Ap.umsida.ac.id – Transformasi digital dalam pelayanan publik kini menjadi pilar penting reformasi birokrasi di Indonesia.
Salah satu bentuk nyata dari upaya ini hadir melalui implementasi Sistem Informasi Manajemen Nikah (SIMKAH) di Kantor Urusan Agama (KUA) Kecamatan Candi, Kabupaten Sidoarjo.
Penelitian yang dilakukan oleh Lailul Mursyidah MAP, dosen Program Studi Administrasi Publik Universitas Muhammadiyah Sidoarjo (Umsida), mengungkap bahwa SIMKAH berhasil meningkatkan efisiensi dan kualitas layanan administrasi pernikahan di tingkat kecamatan.
Langkah Nyata Digitalisasi Pelayanan Publik

Menurut Lailul, SIMKAH tidak hanya menjadi inovasi teknologi, tetapi juga wujud nyata dari penerapan e-government dalam sektor keagamaan.
“Melalui SIMKAH, pelayanan publik di KUA bertransformasi menjadi lebih cepat, transparan, dan dapat dipertanggungjawabkan. Ini adalah bentuk nyata digitalisasi yang menyentuh kebutuhan masyarakat secara langsung,” ujar dosen Umsida tersebut.
Sebelum adanya sistem digital, proses pendaftaran nikah bisa memakan waktu hingga tiga bulan karena menumpuknya antrean dan verifikasi manual.
Kini, calon pengantin dapat mendaftar secara daring, mengunggah dokumen, serta memilih jadwal akad hanya dalam hitungan menit.
Sistem ini juga terhubung langsung dengan Dukcapil, sehingga verifikasi identitas dapat dilakukan otomatis melalui Nomor Induk Kependudukan (NIK).

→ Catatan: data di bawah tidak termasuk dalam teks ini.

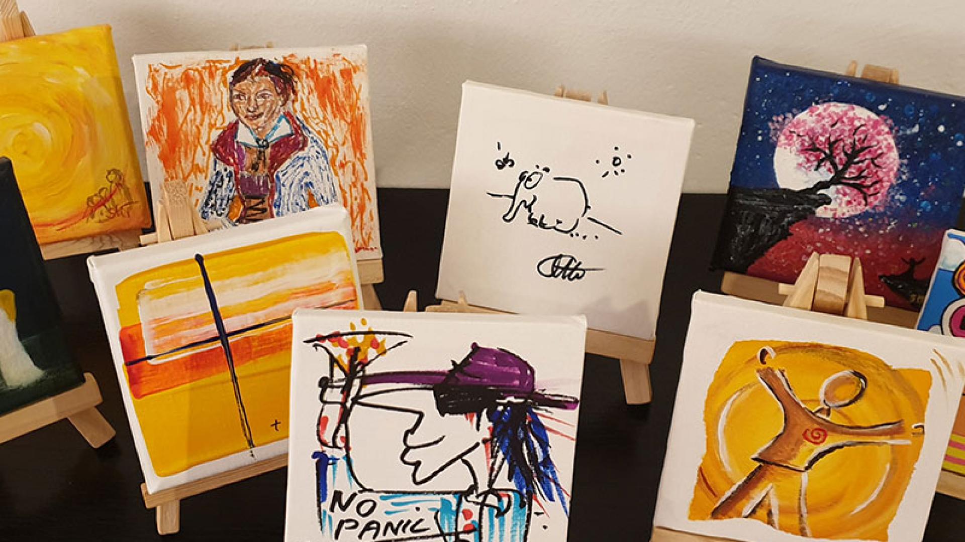 Was haben Udo Lindenberg und Sr. M. Teresa Slaby, Lena Meyer-Landrut und Bischof Heiner Wilmer, Barbara Schöneberger und Otto Waalkes gemeinsam? Oder der Pop-Art-Künstler Tim Davies und Margot Käßmann? Sie alle werden versteigert. Natürlich nicht in Person, aber Werke von ihnen. Kunstwerke im Kleinen: Mini-Leinwände in 10 mal 10 Zentimeter. Alle individuell gestaltet für das Hospiz Luise in Hannover.
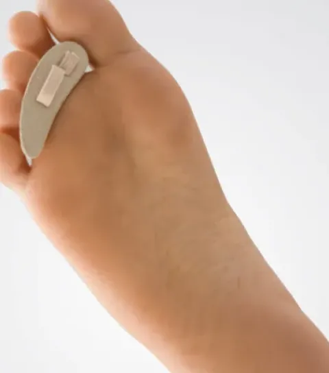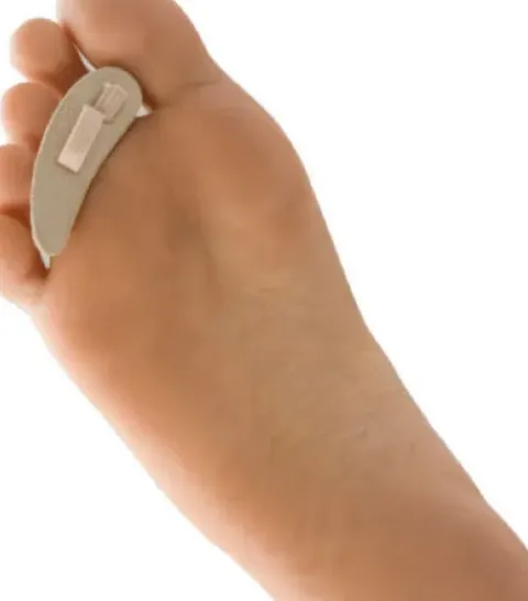 Mittels der Schlaufe korrigiert es sanft die Fehlstellung von Hammerzehen, während das weiche Kissen die Zehen von unten stützt.
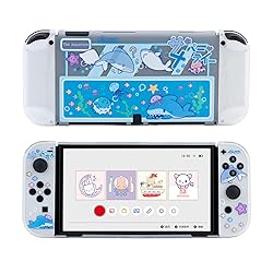 - GeekShare New Shark Party Protective Case for Switch Features in: Exclusive Design -- The shark party design is original and unique, no more boring black or gray color, we specially designed this case for the Switch. Ultra-thin and Comfortable -- This protective case is ultra-thin, sturdy but lightweight and the breathing hole will not make your consoles be hot, makes playing more comfortable. Split Design -- Easy to install and remove.Exact cut and design fits the switch console and joysticks perfectly. Item Specifications: Material -- High Quality PC material Package Includes: -- 1 X Switch Protective Shell Note: 1. Designed specifically for the Switch OLED only, NOT suitable for Switch or Lite. 2. All Switch accessories shown in images are for usage demonstration purposes only and are not included in the package. 3.We have tested that this protective case is dockable, which is slightly tight and does not affect the use. But due to the tolerance of the protective case and the dock, some dock may not be used.If you have any question,please contact our customer support.

Namun, penelitian juga menemukan tantangan yang masih dihadapi, seperti keterbatasan infrastruktur jaringan di beberapa desa, rendahnya literasi digital masyarakat, serta minimnya jumlah operator yang hanya berjumlah lima orang untuk melayani seluruh wilayah Candi.
Kondisi ini membuat sistem digital belum sepenuhnya inklusif dan masih membutuhkan dukungan lintas sektor dari pemerintah daerah.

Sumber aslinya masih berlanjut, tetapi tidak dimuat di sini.